Apollo Multi-Asset Management runs an offshore fund of absolute return funds as well as using various strategies in its onshore portfolios. Fund manager Ryan Hughes has been frustrated by long/short managers this year, though global macro and market neutral funds have also disappointed.

He says: “The markets have gone sideways but the way they have got there is unusual. We had a big sell-off and then a huge rally in areas that were massively out of favour, followed by a broad return to equilibrium.

“Many long/short equity managers were caught out in February in a dramatic reversal of the trade that was long quality and short miners and oils. Most were the wrong side of that trade and have been slowly eking out a recovery in the past four months to get them broadly neutral for the year.

“The nature of the return has been the real driver of that, and high-quality managers with great track records such as Threadneedle UK Absolute Alpha and Henderson UK Absolute Return have found things difficult.”

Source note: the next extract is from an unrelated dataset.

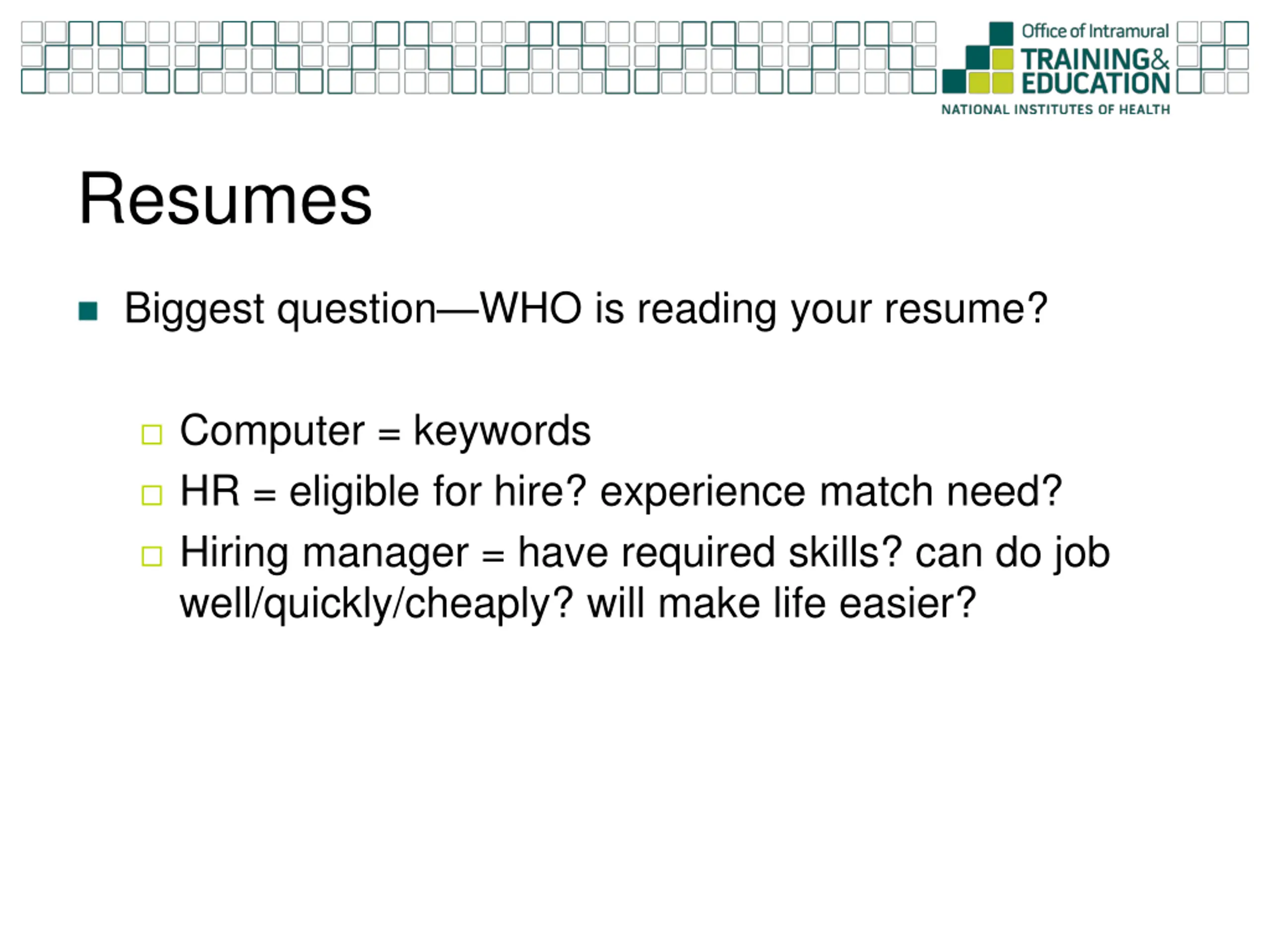 Resumes Biggest question—WHO is reading your resume? Computer = keywords HR = eligible for hire? experience match need? Hiring manager = have required skills? can do job well/quickly/cheaply? will make life easier?

Henderson’s Luke Newman, manager of the latter fund, says while there has been much to worry about this year, heightened volatility has created an ideal stockpicking environment. “Oil, resource and emerging markets-focused stocks are the volatility ‘culprits’ but our tactical book has enabled us to stay flexible around moves in currencies and underlying commodity prices. 

“We came into 2016 slightly short in stocks exposed to those factors but quickly took action to cover that once we saw yield curves starting to flatten again.”

Within the fund’s core book, Newman favours long positions in dividend growers, such as insurers and some publishing companies. He says he is now shorting over-leveraged companies and “low wage payers”. 

“Minimum wage legislation has prompted a reappraisal in a number of sectors that until recently enjoyed minimal wage inflation,” he says. “Retail, food retail, leisure and outsourcing sectors will likely see an increase in labour costs, while low inflation will mean their revenues won’t keep pace. We have some ‘slow burn’ shorts in such companies.”

It is not just long/short funds that have suffered in tougher conditions, and managers have reacted accordingly. The team behind Standard Life Gars recently held a pairs trade being long the dollar versus the euro in fear of Brexit and mixed economic data on the continent. Elsewhere, the managers of the Aviva Aims Target Return Fund have increased exposure to global equities and added to a US inflation strategy with the focus on a theme of global reflation.